WHAT YOU HAVE TO DO: Transcribe word for word the section of the records below that opens with the line containing "The speaking portion" and closes with the line containing "Árvore de flores"; drop every picture.

DATA:
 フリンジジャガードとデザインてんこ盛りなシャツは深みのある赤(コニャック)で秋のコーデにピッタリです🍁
==
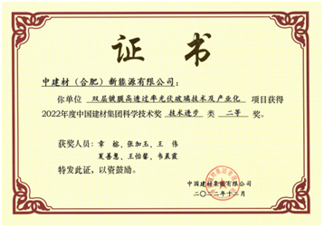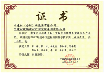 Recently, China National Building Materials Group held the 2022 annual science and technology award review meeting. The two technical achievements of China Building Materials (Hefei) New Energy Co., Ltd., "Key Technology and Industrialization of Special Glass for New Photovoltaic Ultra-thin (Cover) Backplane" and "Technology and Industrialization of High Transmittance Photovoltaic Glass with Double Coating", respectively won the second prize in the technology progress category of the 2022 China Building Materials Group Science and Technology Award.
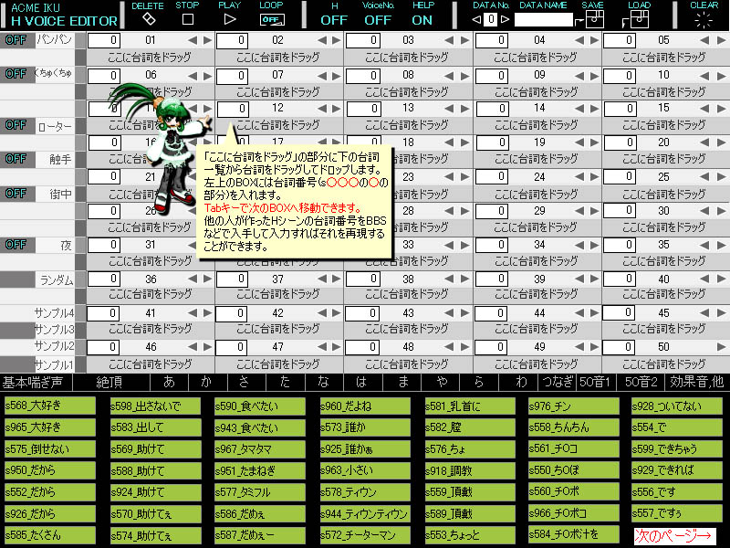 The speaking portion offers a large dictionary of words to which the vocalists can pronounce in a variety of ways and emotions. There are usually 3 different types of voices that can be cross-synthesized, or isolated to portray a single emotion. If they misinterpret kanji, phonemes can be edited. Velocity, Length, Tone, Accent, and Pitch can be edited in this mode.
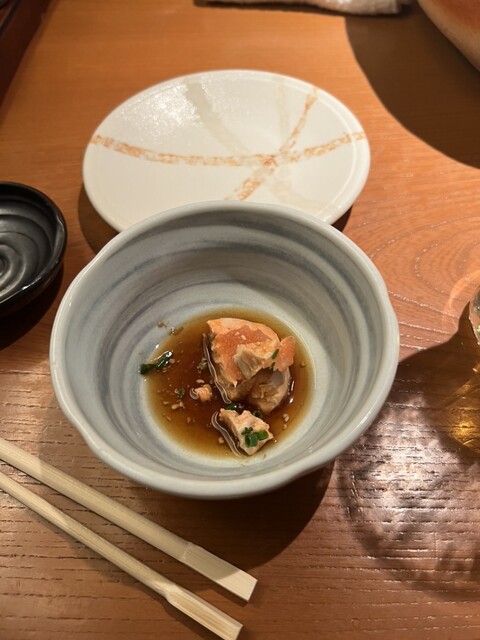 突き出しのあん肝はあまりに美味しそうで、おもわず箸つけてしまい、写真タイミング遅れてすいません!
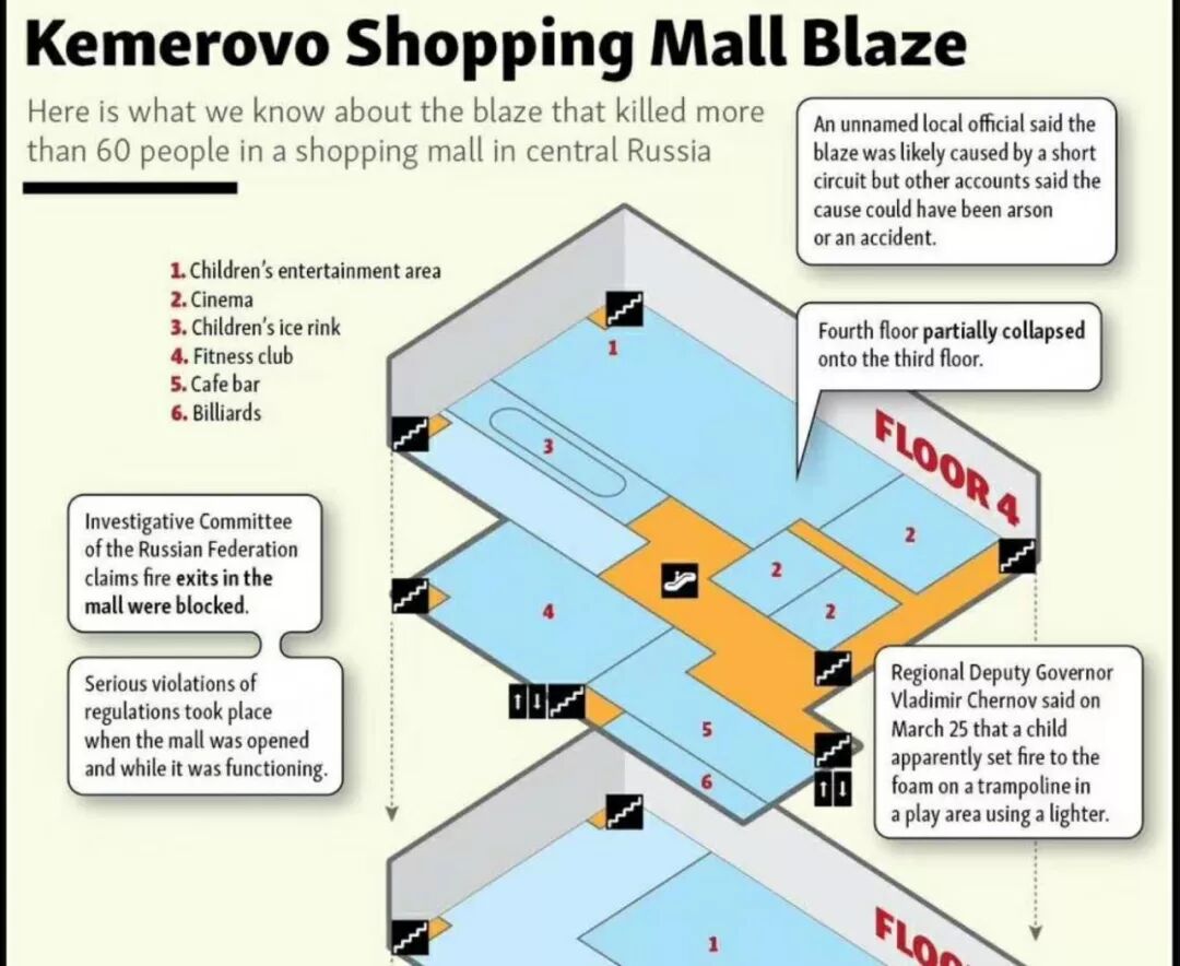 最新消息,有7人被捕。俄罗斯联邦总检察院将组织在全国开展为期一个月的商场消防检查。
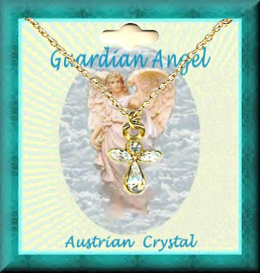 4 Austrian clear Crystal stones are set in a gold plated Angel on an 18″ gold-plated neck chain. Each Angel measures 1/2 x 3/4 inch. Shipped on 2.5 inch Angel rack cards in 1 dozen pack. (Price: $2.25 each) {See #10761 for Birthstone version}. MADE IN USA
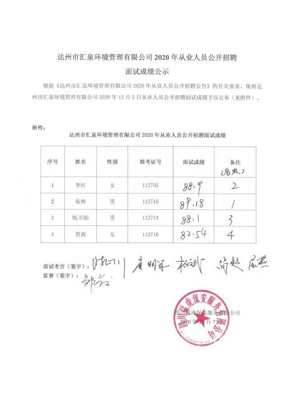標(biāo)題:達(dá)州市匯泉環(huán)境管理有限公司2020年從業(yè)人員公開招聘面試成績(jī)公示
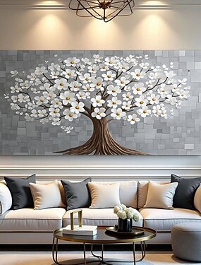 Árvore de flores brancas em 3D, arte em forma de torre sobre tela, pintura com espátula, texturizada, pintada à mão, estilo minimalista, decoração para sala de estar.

OUTPUT FOR THIS EXERCISE:
 The speaking portion offers a large dictionary of words to which the vocalists can pronounce in a variety of ways and emotions. There are usually 3 different types of voices that can be cross-synthesized, or isolated to portray a single emotion. If they misinterpret kanji, phonemes can be edited. Velocity, Length, Tone, Accent, and Pitch can be edited in this mode.
 突き出しのあん肝はあまりに美味しそうで、おもわず箸つけてしまい、写真タイミング遅れてすいません!
 最新消息,有7人被捕。俄罗斯联邦总检察院将组织在全国开展为期一个月的商场消防检查。
 4 Austrian clear Crystal stones are set in a gold plated Angel on an 18″ gold-plated neck chain. Each Angel measures 1/2 x 3/4 inch. Shipped on 2.5 inch Angel rack cards in 1 dozen pack. (Price: $2.25 each) {See #10761 for Birthstone version}. MADE IN USA
標(biāo)題:達(dá)州市匯泉環(huán)境管理有限公司2020年從業(yè)人員公開招聘面試成績(jī)公示
 Árvore de flores brancas em 3D, arte em forma de torre sobre tela, pintura com espátula, texturizada, pintada à mão, estilo minimalista, decoração para sala de estar.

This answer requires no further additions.